Sometime in the late 1980s or early 90s I saw a film at the Cannery about growing up Irish Catholic in a small Newfoundland village. It was in b&w, but was excellently done from a young man’s perspective. Does anybody out there remember that film? What is the name of that film?
I remember ABOVE SAN FRANCISCO at the pocket-sized Cannery Cinema back in the 1970’s. The film moved there for a short time after leaving an equally tiny venue two blocks away at Ghirardelli Square. I can still recall the verses by Robert Louis Stevenson intoned by the amazing Orson Welles as part of his narration.
I took my friend there in 1985 to see “Amadeus.” The Cannery was the puniest theater I had ever seen. Sorry to hear it’s gone.
This was a little theatre. I saw a couple of movies there.

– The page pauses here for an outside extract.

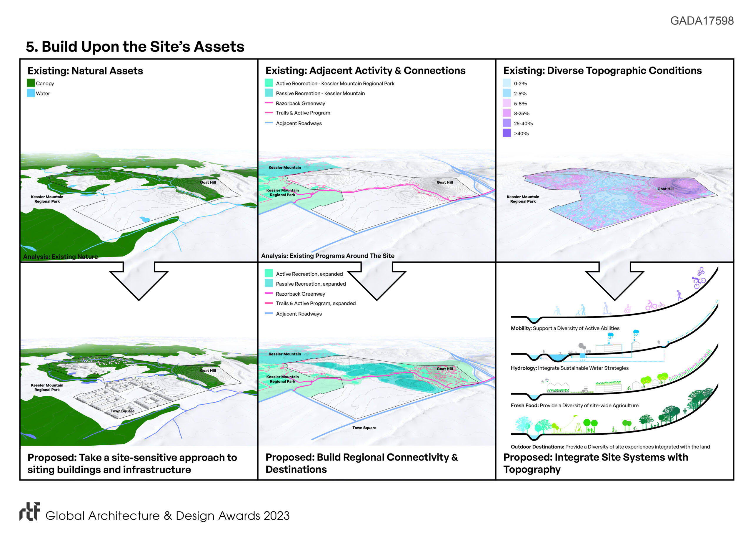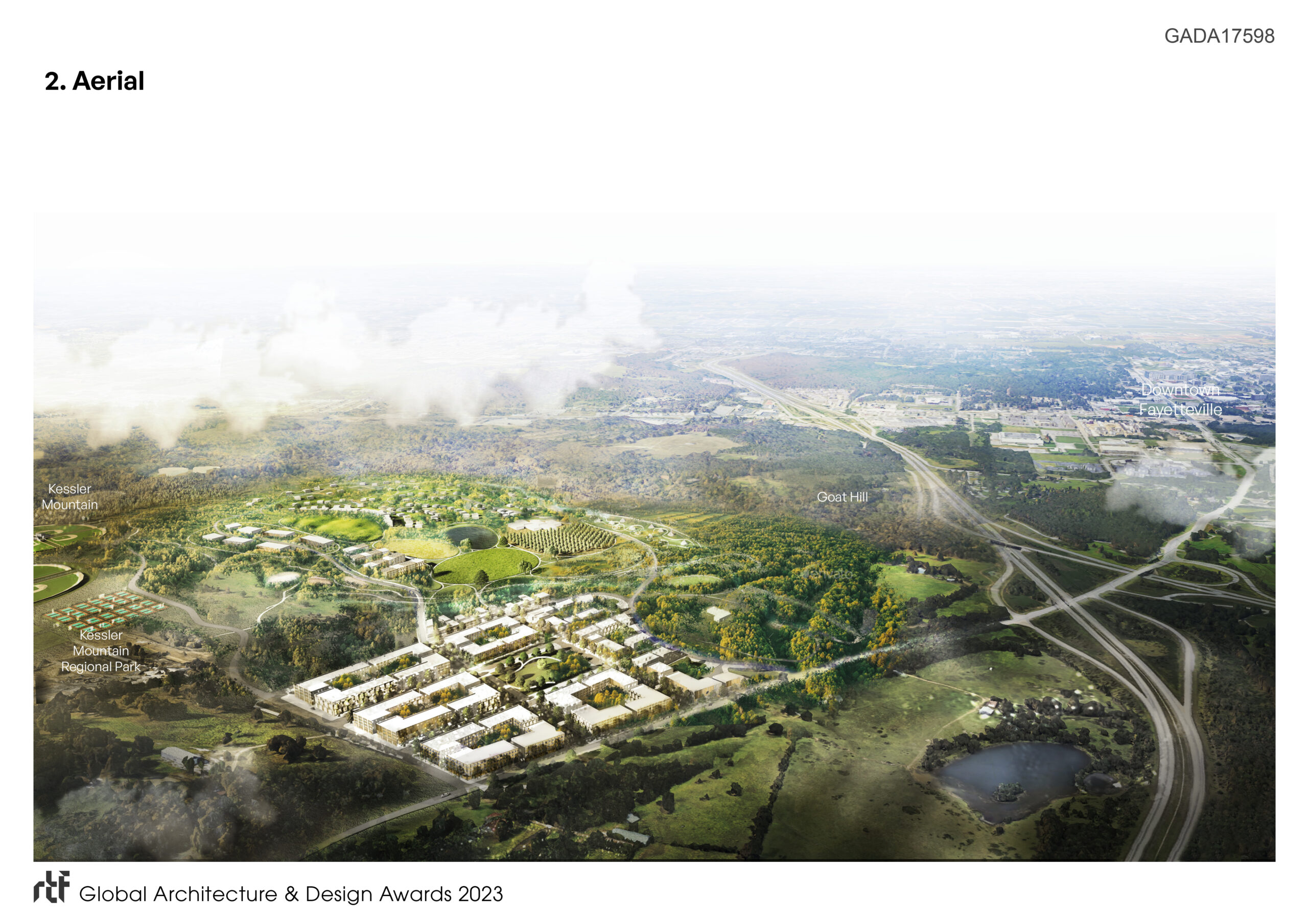 As Northwest Arkansas undergoes rapid growth, a new development at the edge of Fayetteville City limits is planned to heal, not exploit the land. The plan combines the natural beauty of the Ozarks with the rich cultural identity of downtown Fayetteville and the surrounding region of Northwest Arkansas. In this way, the Master Plan for South Cato Springs is conceived as an ecosystem of health that enriches ecosystems of the existing land, while providing a lifestyle of health and wellness for its users through walking, biking, fresh food, and new centers of health for a neurodiverse community, and the region’s Medical School.

We used to go to the movie and take the elevator afterwards up to the Hungry Tiger (this was in the early 70s) and would eat our fill of the incredibly cheap lobsters this place served. Best seafood place I ever ate at.
Sadly both the small theatre and the restaurant are gone.
For awhile I had a flier advertising Linda Blair appearing in a live stage play there sometime after it became a live theatre.
I saw Above San Francisco there too. A great film and wonder why no one has updated it.
George Senda
Concord Ca
I too saw Above San Francisco here as a tourist in June of 1973.
The Cannery Cimema was very small. I am guessing 100 seats or so. It was nothing more than a large room on the south east corner of the main floor of the building lined in heavy drapes. The floor was only slightly raised at the rear. I also remember seeing “The Effect of Gamma Rays on Man-in-the-Moon Marigolds” with Joanne Woodward there. I could never forget that title!
The Cannery Cinema was open during the mid-1970s and for several months showed a wonderful film called “Above San Francisco” narriated by Orson Welles. It was a 35 minute film which featured aerial shots of the city along with historic footage of the 1915 Panama Pacific Exposition and the Cliff House. The film later became a coffee table book. The tourists loved it… and so did I!
The Cannery’s status is “Closed.”
The Cannery was a single-screen theater.
The Cannery opened and closed several times during its time as a theater. At one time between closings, it was a live theater.
The Cannery Cinema was located at 2801 Leavenworth on the NorthWest corner of Beach in the Cannery Shopping Center, near Fisherman’s Wharf. It opened on 16 September 1971 with the first-run attraction Death in Venice, and had 296 seats. It closed in 1993.
This theater was in the Cannery shopping complex at Fisherman’s Wharf in San Francisco. The complex was once a cannery for fruits & vegetables. Walter Reade Theaters last operated it as an arthouse in the 1970’s before the chain went bankrupt.